JIM LEHRER: We do go first tonight to the legal clash between President Clinton and the Whitewater independent counsel. White House lawyers today asked the U.S. Supreme Court to protect the secrecy of conversations First Lady Hillary Clinton had with government and private lawyers about Kenneth Starr's investigation into the failed Arkansas land deal. Our coverage begins with this background report by Kwame Holman.
KWAME HOLMAN: As darkness fell on January 26, 1996, Hillary Rodham Clinton emerged from four hours of testimony before a Washington, D.C. grand jury investigating the Clintons' 1980's land deal known as Whitewater.
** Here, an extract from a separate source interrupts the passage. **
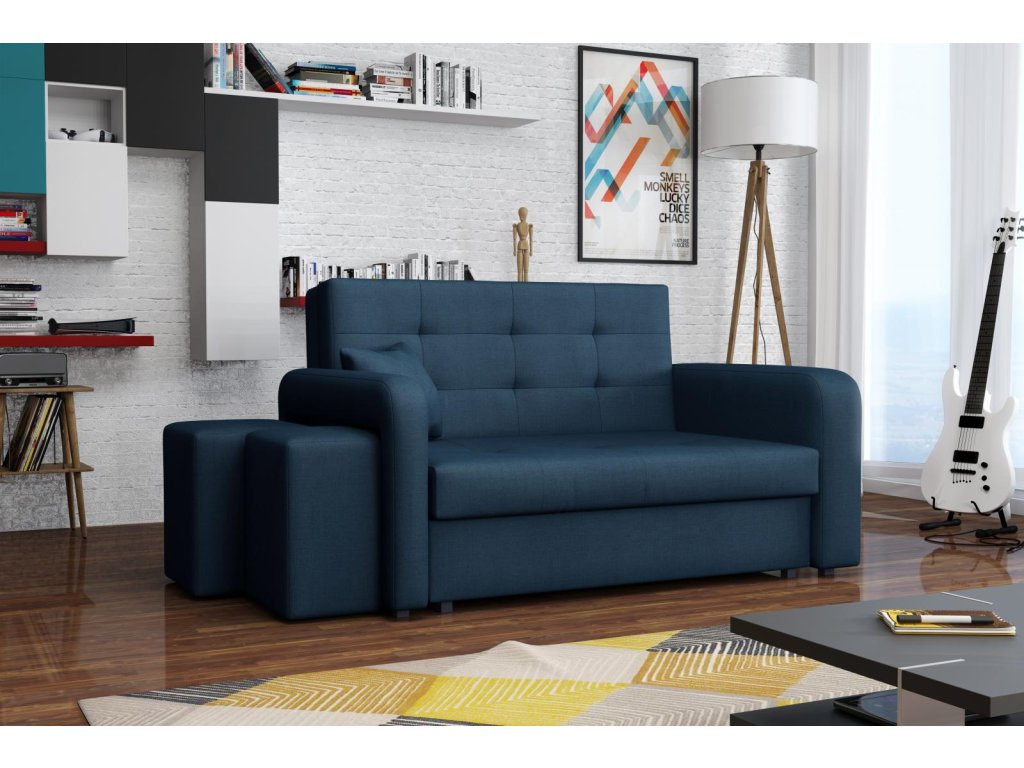Rozkládací pohovka Vivian je díky svým rozměrům vhodná i do menších pokojů. Své uplatnění najde nejen v obývacím pokoji, ale také v dětském, studentském, nebo hostinském pokoji. Jednoduchým rozložením pomocí automatu, získáte lůžko k příležitostnému přespání Vaší návštěvy. Výplň sedáku tvoří vlnité pružiny v kombinaci s PUR pěnou. Pohovka je potažena kvalitní látkou a nabízíme ji v několika trendy odstínech. Pohovka disponuje i nepostradatelným úložným prostorem, který využijete např. na deku a polštář. V ceně pohovky je 1 dekorační polštář a 2 taburety, které jsou důmyslně uložené v područi pohovky. Taburety můžety využít k sezení, nebo k podepření nohou při odpočinku. Ostatní vyobrazené dekorace nejsou v ceně. Vyobrazené dopňky a dekorace nejsou v ceně.

HILLARY RODHAM CLINTON: Well, you're all still here I see.
KWAME HOLMAN: Shortly afterward, Mrs. Clinton discussed her grand jury testimony at the White House with her personal attorney. Also in the meeting were lawyers from the White House Counsel's Office, lawyers paid by the government. Almost a year ago Whitewater Independent Counsel Kenneth Starr subpoenaed notes from that conversation and another one Mrs. Clinton had with both sets of lawyers in the summer of 1995. Starr claimed because government lawyers were in the room the conversations are not protected by the doctrine of attorney-client privilege. The Clintons say they are, and after being ordered by a federal appeals court to turn over the notes to Starr, the White House authorized an appeal to the U.S. Supreme Court. In a speech in Arkansas over the weekend Starr said not having the notes poses a significant impediment to his ongoing investigation. He laid out why he's entitled to notes from the lawyers' meetings.
KENNETH STARR: White House attorneys are in a different category. They represent the government, and ultimately, they represent we, the people, and, as such, they are duty bound to disclose relevant information to a federal grand jury.
KWAME HOLMAN: Speaking Saturday in Barbados, President Clinton referred generally to the controversy.
PRESIDENT CLINTON: I think that it's obvious that for several years now we've been quite cooperative, and we'll continue to be.
KWAME HOLMAN: But the President's lawyers were more explicit. In papers filed with the Supreme Court Attorney Andrew Frey said turning over the notes to Starr will substantially impair the ability of the Office of the President to secure sound legal advice, particularly in the face of independent counsel investigations. The Supreme Court is expected to decide by next month whether to hear the Clintons' appeal.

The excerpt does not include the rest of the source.